The committee is appointed by the Lafayette City Council and is not an official charter commission. Everyone on the committee must be a resident of the city of Lafayette and registered to vote in Lafayette.

City Councilman Pat Lewis, who served in 2020 as council chairman, proposed the Protect the City committee after clashes between the City Council, Parish Council and the administration of Mayor-President Josh Guillory.

In January 2020, the City-Parish Council ceased to exist, replaced by separate city and parish councils. The split, approved by voters in 2018 as part of the Fix the Charter movement, was supposed to give the city of Lafayette more say-so over its tax dollars and decisions, without interference from the Parish Council.

That hasn't gone as smoothly as some, especially city residents and the City Council, thought it would, bringing up the question of whether it is in the city's best interest to remain part of Lafayette Consolidated Government, where it is believed city tax dollars are used to support parish operations. The parish has little revenue coming in compared with the city.

The City Council, in a resolution unanimously approved in January authorizing creation of the committee, wrote, "The Lafayette City Council has not been allowed to make motions or debate joint ordinances without Lafayette Parish Council concurrence.
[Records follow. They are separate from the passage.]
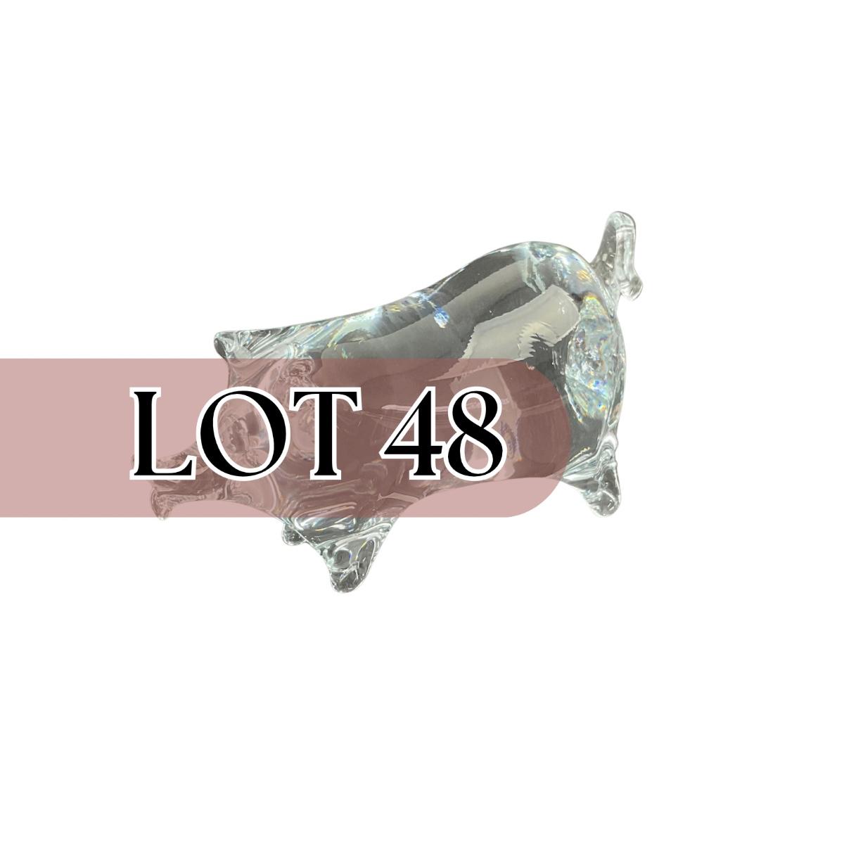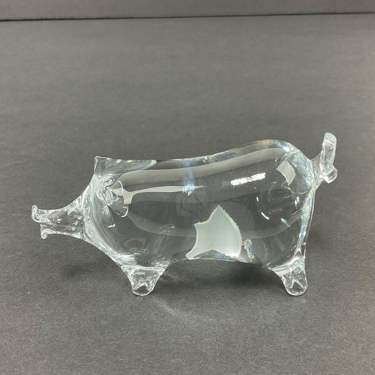 One art glass small pig figure. Please see photos for details and condition. Any condition statement is given as a courtesy to a client, is an opinion, and should not be treated as a statement of fact. Reference to condition written, oral or within a condition report shall not be regarded as a full account of condition and may not include all defects, alterations, or restorations. Absence of a condition report does not imply a lot is flawless or lacking imperfections or damage. Katherine’s Auction & Appraisal Service shall have no responsibility for any error or omission. Returns shall not be accepted on the basis of condition. ::: Shipping is available on this lot. If you require shipping you must let us know at the close of the auction. We will coordinate with you after the item has been won. Shipping fees will include insurance up to or exceeding the value of all items being mailed. If you have any questions regarding this lot please contact the auctioneer either via this website, by direct email or by phone. PICK UP TIMES and other important information can be found in the TERMS and DESCRIPTION of the auction. Please take a look for pertinent information. Thanks!
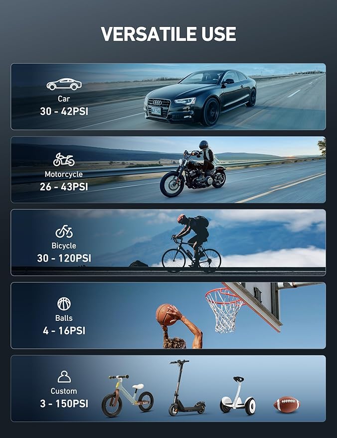 - EASY TO USE: You can choose 4+N smart modes (car, motorcycle, bicycle, ball, and custom) based on your various inflation needs. You can also easily choose between 4 pressure units as needed (PSI, Bar, kPa, kg/cm²). The custom mode allows you to freely preset the desired pressure value (3-150PSI) based on the inflatables you want to inflate.
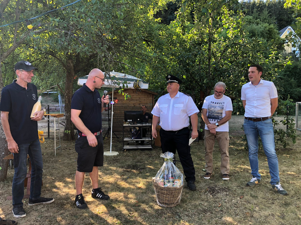 Am Samstag um 18:00 Uhr stand die offizielle Eröffnung mit einem Fassanstich auf der Agenda. Löschbezirksführer Heino Molter begrüßte die anwesenden Gäste, darunter den 1. Beigeordneten der Gemeinde Eppelborn, Christian Ney, sowie Michael Polotzek, in seinem Amt als stellvertretenden Ortsvorsteher. Bürgermeister Dr. Andreas Feld und Ortsvorsteher Frank Klein ließen sich aus Urlaubsgründen entschuldigen. Dann folgte die Begrüßung der Feuerwehr aus Finsterwalde-Nehesdorf, zu der seit über 25 Jahre eine enge Partnerschaft besteht, die über die Zeit hinweg zu einer tiefen Freundschaft wurde. Heino Molter freute sich, dass bereits zur Eröffnung viele Bürger gekommen waren und begrüßte die Gäste ebenfalls herzlichst bei Ihrer Feuerwehr. Unter den Gästen waren auch Vertreter von Vereinen und Verbänden.
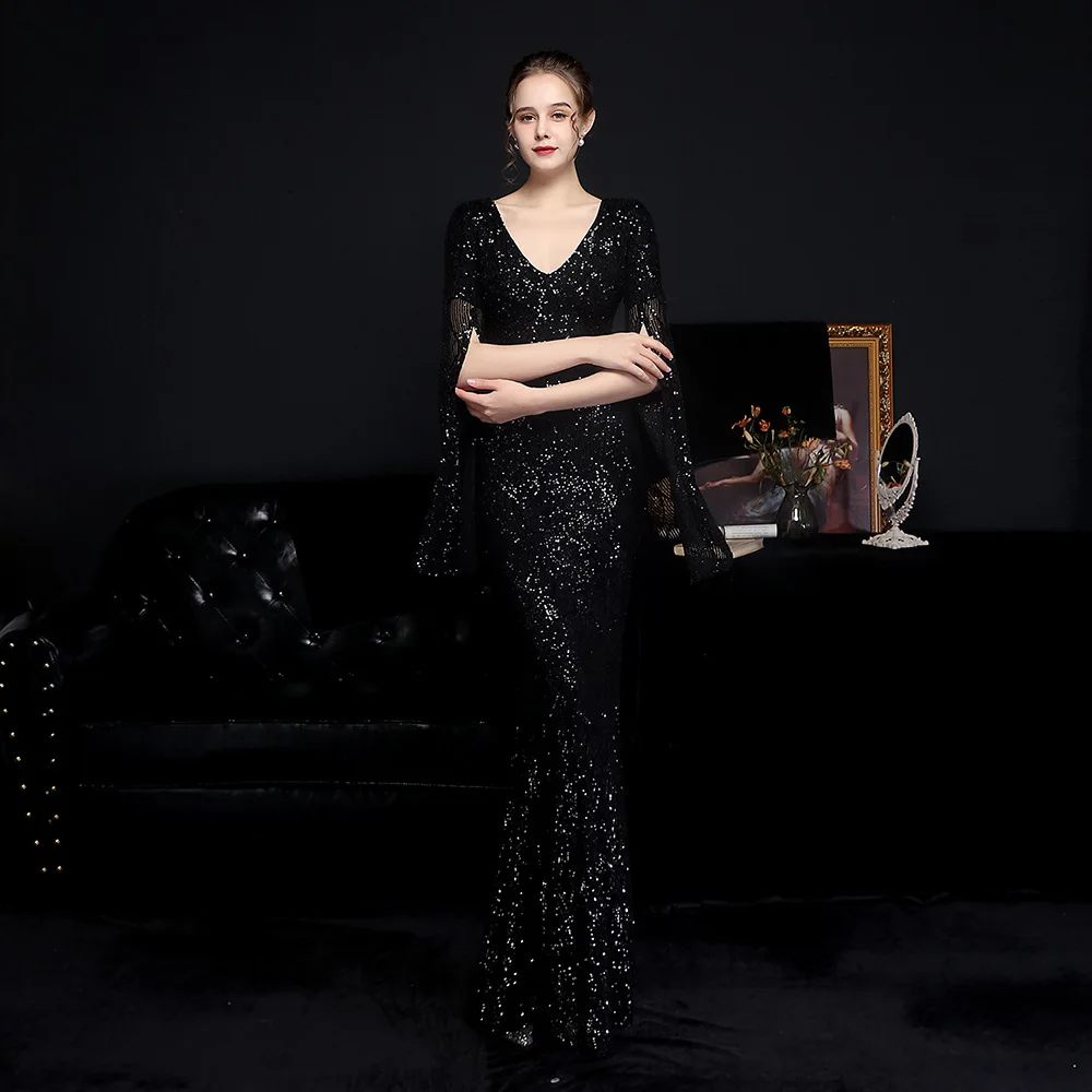 2022 белое Элегантное Вечернее Платье макси с золотыми блестками вечернее платье женское платье с длинным рукавом платье для выпускного вечера
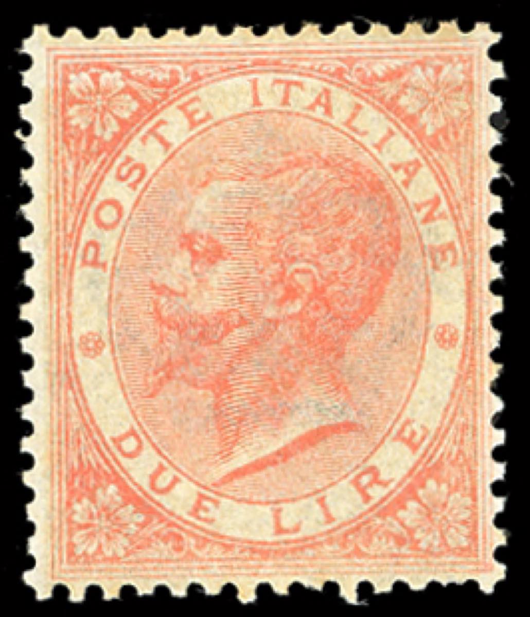 Lotto 1184 - 1863 - 2 lire scarlatto chiaro, De la Rue, tiratura di ...
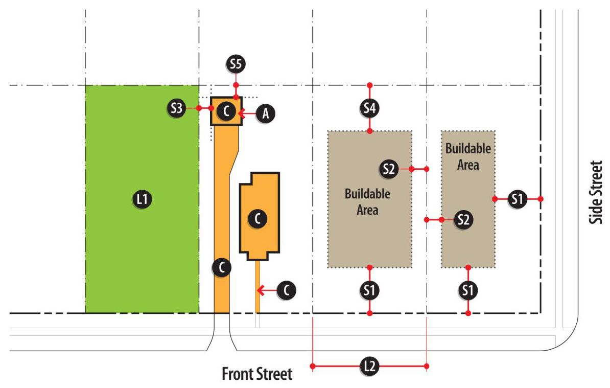 Figure 4-1: Lot and Building Regulations Diagram, Single-Dwelling Residential Districts
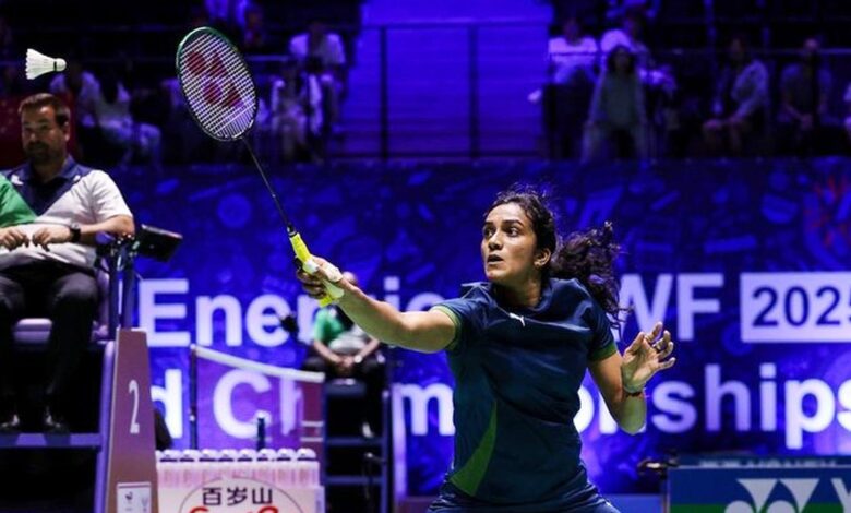 Soubor obrázek PV Sindhu v akci. | Foto kredit: Ani
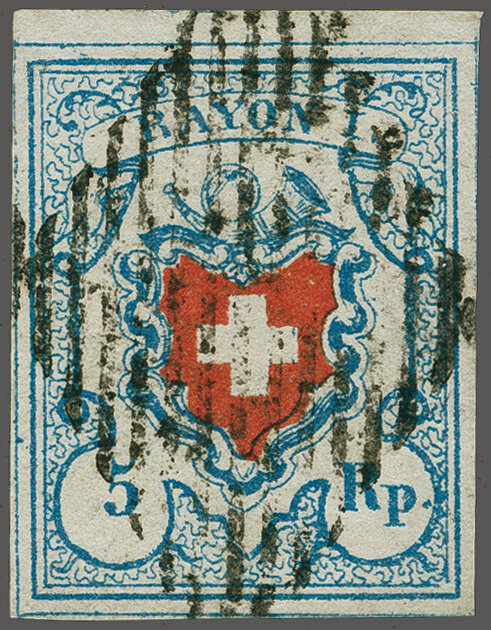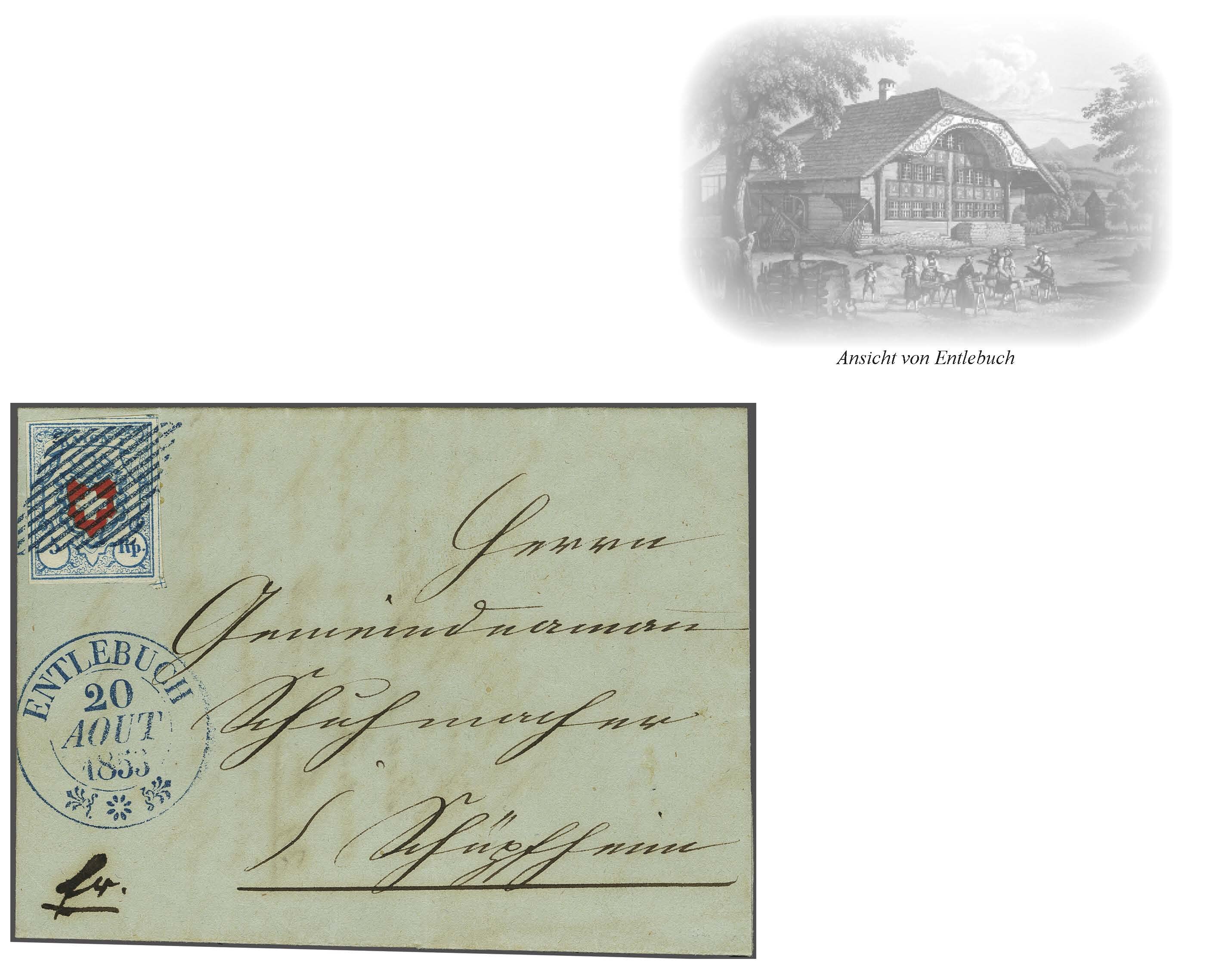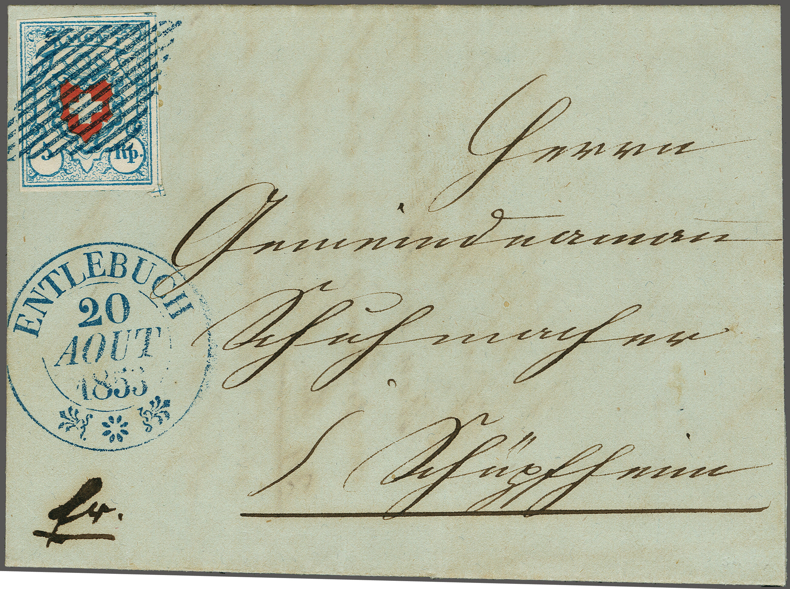Stein C2: Type 18 l/o, farbfr. und breit- bis überrandig, satt und kontrastreich entw. mit übergehender blauer eidg. Raute mit nebengesetztem höchst attraktivem Zierzweikreisstp. "ENTLEBUCH 20 AOUT 1853" in derselben Farbe auf
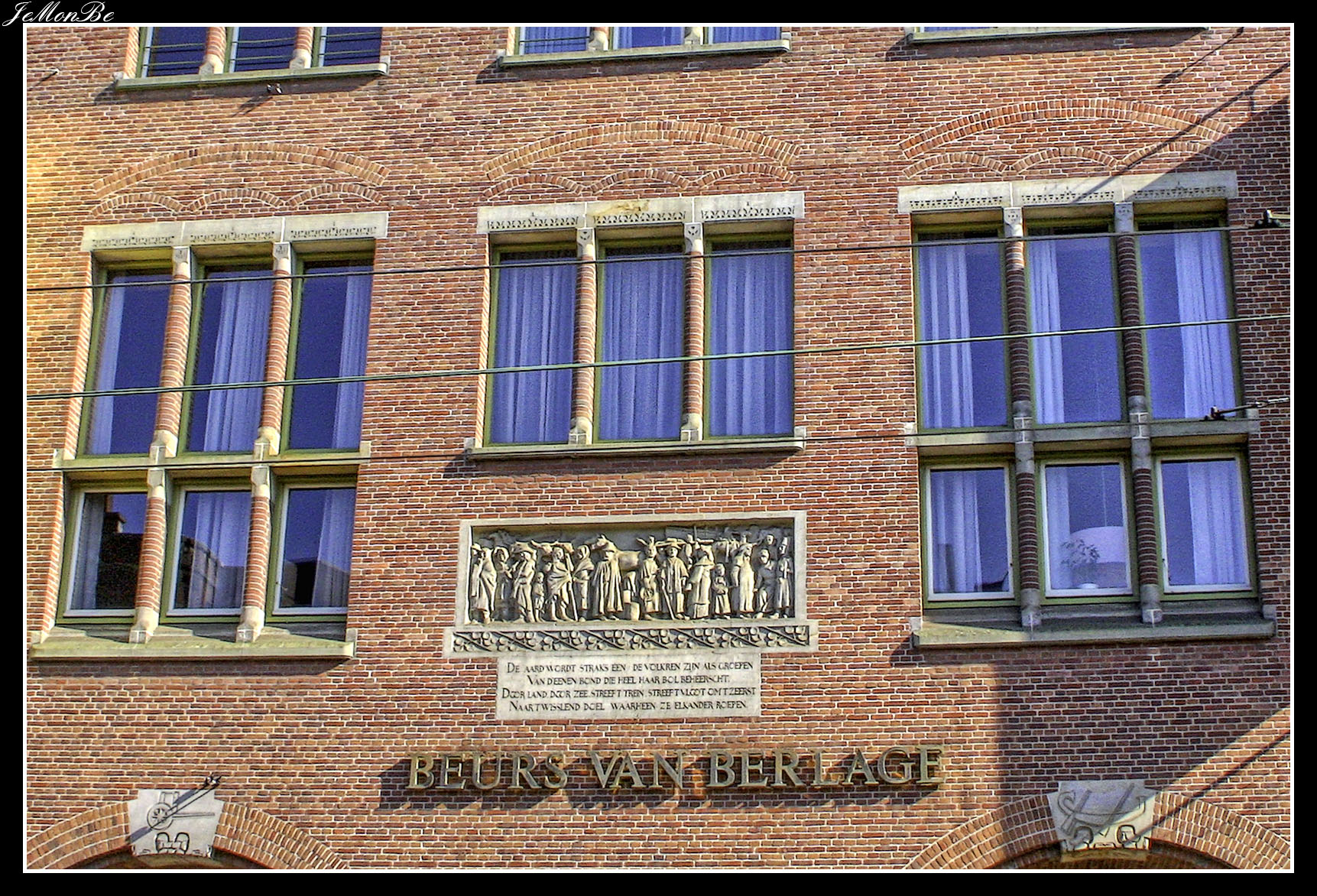 Beurs van Berlage: El antiguo edificio de la Bolsa de valores que ahora funciona como sala de conciertos y centro de exposiciones. El edificio está construido de ladrillo rojo, con tejado de hierro y cristal, su exterior es sólido, y totalmente austero, con frisos de cerámica, dominado por una alta torre con reloj.

The City Council has no control over departments and component units of government that are funded almost entirely by city of Lafayette tax dollars" and the Guillory administration continues to fight the City Council's attempt to hire its own attorney to determine if the charter is being properly interpreted.

"The City Council is increasingly concerned that consolidation will continue to result in city tax dollars being improperly used to fund more than the city's legal share of consolidated services," the resolution declares.

Lewis said in November the committee will examine topics ranging from the City Council’s best approach to protecting city tax dollars, to protection of the ratepayer-owned Lafayette Utilities System, to the expenditure of city tax dollars outside of its limits, to whether consolidation or deconsolidation benefits the city of Lafayette.

Each of the five City Council members appointed one person to serve on the Protect the City committee.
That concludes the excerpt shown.